And he will start a story consciously and proudly with:
"I was walking down the Strand one morning——"
Ah, he has struck a chord at once. Surely you visualize the smile that will go round the circle of men deep in their cane chairs. "I was walking down the Strand!" Can you begin a story in the tropics in a more arresting way? You set a whole flock of memories a-flying....
What sentimental journeys the Strand has seen.
You must have been stopped at some time near the Adelphi by a burnt-up, middle-aged man who asks the way to a bar or a restaurant unknown to you. When you say you don't know it, a disappointed look creeps into his eyes, and he apologizes and goes off, very straight and lonely, in the crowd.
Conrad in quest of his youth? Perhaps. Possibly for years, while he waited for leave, he was promising himself a visit to this place. No doubt the stars saw him sitting out alone at night thinking of it, hearing the thunder of the Strand, seeing its lights, and himself slipping into his old seat at a corner table where he used to sit with old X, who was killed in "British East." ...
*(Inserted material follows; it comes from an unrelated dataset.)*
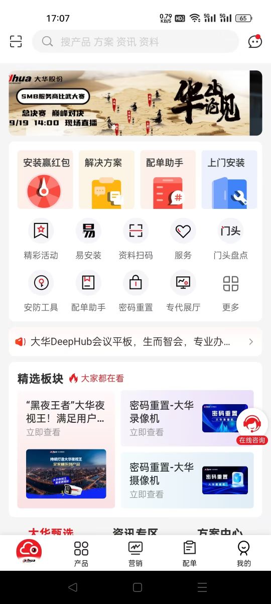 大华云商:一款以大华分销类产品营销与相关服务为宗旨,提供客户注册、产品选型、配单、采购、技术指导、解决方案指导、订单状态跟踪、售后服务等全面覆盖售前、售中、售后各环节的业务应用。

All the time the Strand was altering, denying such exiles their beloved landmarks.
* * *
So they drift a little sadly and disconsolately along the Strand, feeling as you feel when, after a long absence, you visit a place known to you when you were a child. Nothing is so big as you thought, nothing so impressive as once it was. That tiny paddock was once a prairie—that small house a castle.
The Strand to them is somehow different—cheaper, smaller, vaguely disappointing. Those pale-faced men hurrying along. How strange. What an altered atmosphere! And where are those lovely little faces that used to look from beneath Merry Widow hats?